The recall of the 2017 General Election data that the Independent Electoral and Boundaries Commission (IEBC) recently uploaded on its website, which was riddled with typographical and factual errors, will not redeem its battered image.
Indeed, this has gone to reconfirm the IEBC as a bungling, error-prone organisation that, in its current form, has no business being anywhere near the critical function it’s entrusted with.
There have been numerous reports, including court rulings, that have exposed IEBC as an incompetent outfit that the country can no longer rely on to midwife the process through which Kenyans elect their leaders.
Indeed, if there is any serious effort to reform and strengthen governance, the broom must sweep out the mess at the IEBC.
After all, its credibility has been severely eroded and the pretences by chairman Wafula Chebukati and his two commissioners, who remained behind following the resignation of their colleagues, do not amount to much.

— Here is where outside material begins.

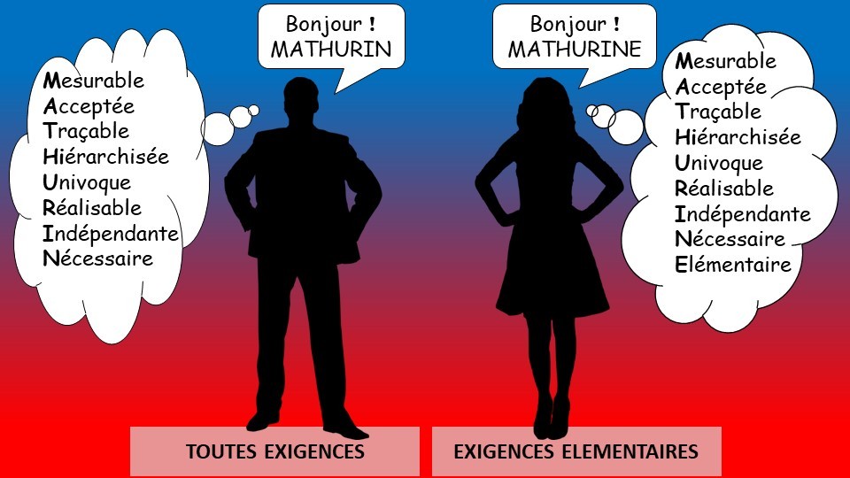 De plus, pour les exigences élémentaires dont nous avons parlé tout à l’heure, il faut vérifier qu’elles sont bien Elémentaires ! On ajoute un E à la checklist et l’acronyme devient MATHURINE …

And there has been no substantive chief executive officer since the last one was bundled out.
IEBC has blamed massive data for its shambolic showing, promising to correct and re-upload the document.
It’s hardly surprising that this has sparked calls for its reorganisation before the 2022 General Election. The inadvertent exposure of its own incompetence has dented the integrity of the 2017 elections.
In the embarrassing data, the IEBC even disowned the people it declared as winners in some constituencies and further assigning them parties that did not sponsor them.
We couldn’t agree more with the leaders saying that any meaningful electoral reforms must begin with the IEBC’s total overhaul and reorganisation.